Middle-age or older men and their doctors frequently face one of the most common dilemmas in practice. 50% of men above the age of 55 do experience enlargement of the prostate gland, which impairs urination somewhat. This is called Benign Prostatic Hypertrophy and is inconvenient but not danger.
On the other hand, prostate cancer is more of a concern if symptoms develop rapidly or a physician detects a mass on digital rectal exam. The vast majority of these are non-aggressive cancer which just sit there and pose no threat. However, a few percent are aggressive cancer which can be fatal! How to tell the difference?
The Old Protocol
Previously, a PSA test was the measure: it was thought that a high number — or a rising trend — represented a cancer risk. Prostate-Specific Antigen (PSA) measures a protein produced by prostate cells.
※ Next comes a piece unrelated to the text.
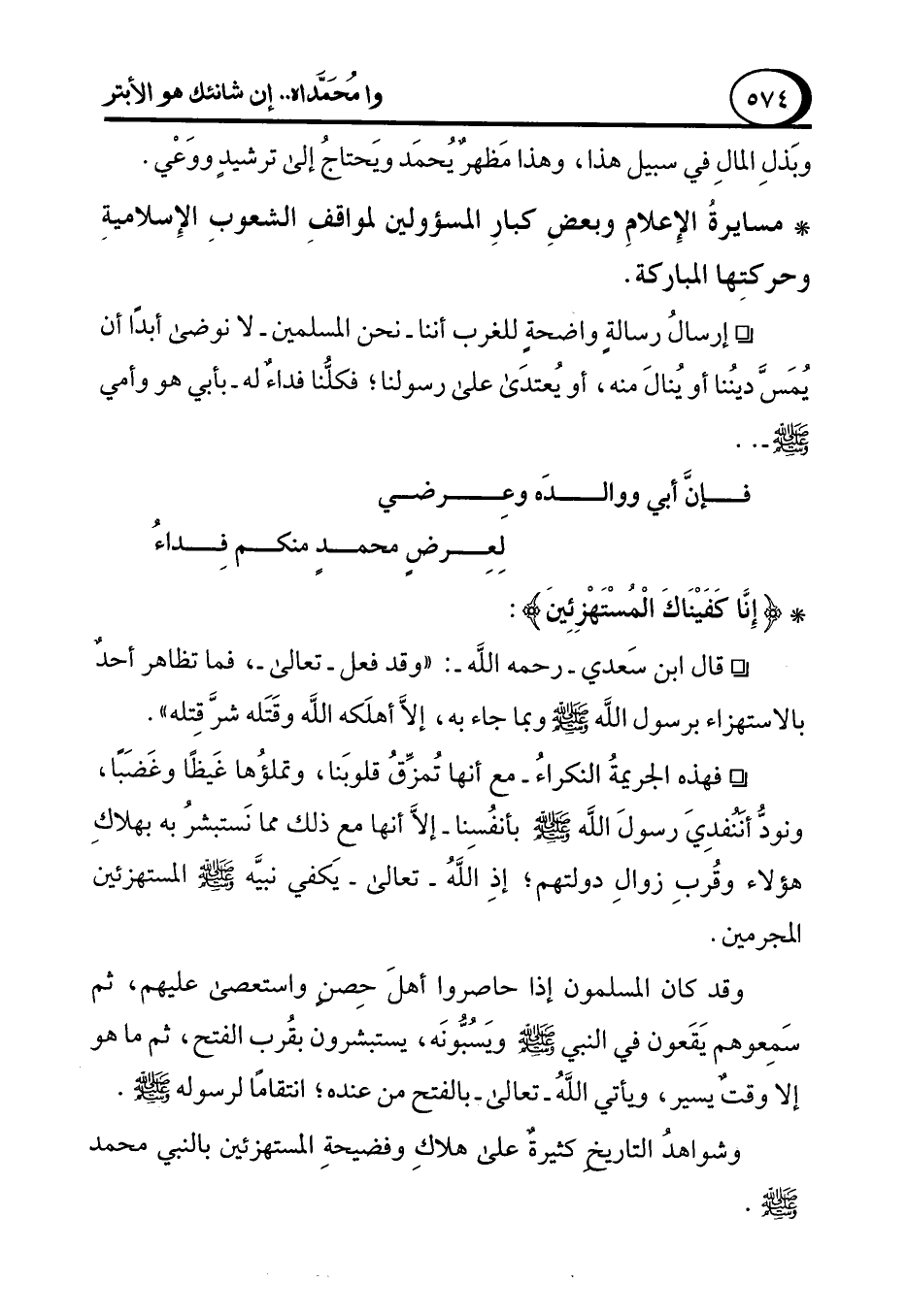 ° فهذه الجريمةُ النكراءُ -مع أنها تُمزِّقُ قلوبَنا، وتملؤُها غَيظًا وغَضَبًا، ونودُّ أن نفدِيَ رسولَ الله - صلى الله عليه وسلم - بأنفُسِنا- إلاَّ أنها مع ذلك مما نَستبشرُ به بهلاكِ هؤلاء وقُربِ زوالِ دولتهم، إذِ اللهُ -تعالى- يَكفي نبيَّه - صلى الله عليه وسلم - المستهزئين المجرمين.

It is known to be high in prostatitis (prostate inflammation) which is not related to cancer.
Next, a doctor does a digital rectal exam (DRE), inserting a gloved finger into the rectum just behind the prostate gland, and tries to detect a hard mass in the softer gland. If this is found or the PSA is high, the next procedure would be to do biopsies in one or more sites. The biopsy is graded under a microscope according to its degree of organized or disorganized tissue structure. A Gleason score of 6 or less shows grades of still structured cells, whereas a score of 7 or more up to 10 shows increased disorganization of tissue and cancer cells with increasing cell-division and invasiveness.
If warranted, chemotherapy with testosterone-blocking drugs, radiation, both, or even radical surgery. This depends on adjacent spread to other tissues or lymph nodes.
The Controversy
For many years, medical organizations have been concerned about whether the PSA test is a proper screening test. Screening tests in general aim to discover cancer at an early stage. Unfortunately, a vague screening test also discovers false positives. This leads to unnecessary treatment with attendant side effects and even deaths.
Even when there is a cancer, 97% of prostate cancers are benign. They just sit there until the patient dies of something else later on. On autopsy, 100% who die of something else in the 90s have benign prostate cancer. Men who die in their 80s of something else, 90% have benign prostate cancer on autopsy. So, 97% of the time “wait and watch“ is the safest strategy. Nevertheless, 3% aggressive cancers is significant and needs to be identified!
To resolve the controversy, Cochrane for Clinicians in 2011 did a thorough study of six major official databases including 341,351 men aged 50-74 plus many many journals.They concluded that PSA does not significantly reduce prostate cancer outcomes. Moreover, false positives increase over-diagnosis, over-treatment, and treatment-associated morbidity (death).
[http://www.aafp.org/afp/2011/0401/p802.html]
Thus, the PSA test itself means nothing. A low PSA does not mean “no cancer.”And a high PSA does not mean “cancer.” Even a trend from low to high PSA does not necessarily mean higher risk.
Obviously a more specific test, especially for detecting only the aggressive form of cancer, is needed!
Toward better solutions
Nothing definitive has been developed yet to the satisfaction of the FDA or NIH. However, Cleveland Clinic has presented a promising approach at the American Urological Association in May 2016. They have identified changes in the molecular structure of the PSA molecule which do correlate clinically to patients with aggressive cancer vs. those with benign or nonexistent cancer. So far, 132 patients have been studied, so results are preliminary rather than definitive. But hope remains!
[https://www.sciencedaily.com/releases/2016/05/16051162334.htm]
There are some attempts to use a different scoring system to improve specificity.
phi = total PSA + free PSA + proPSA measures different biological forms of PSA and its precursors.
4KScore test = total PSA + free PSA + intact PSA + human kallikrein2 is similar but adds a different protein marker.
Progensa measures urinary Prostate Cancer Antigen (PCA3) following a digital rectal exam (DRE). The idea is that there is a protein that is only on cancer cells which can be dislodged by pressing on the prostate digitally from the rectum, and then detecting the antigen in a subsequent urine sample.
Similarly, there is a test that detects gene changes called TMPRSS2:ERG detected in a urine sample following a digital rectal exam.
Finally, ConfirmMDx is a test detecting gene changes obtained during an actual prostate biopsy.
Bottom Line
For the vast majority of men with symptoms of prostate enlargement in middle age, being examined is appropriate. At present, digital rectal exam is more reliable than PSA testing. So watch and wait with followup exams is very appropriate. If something is detected on exam, biopsy is still the next step. Sure, this is not comfortable, but aggressive forms of prostate cancer are still a common cause of death. It should not be ignored as a possibility.
Hopefully a more specific test will be available soon to help eliminate false positives.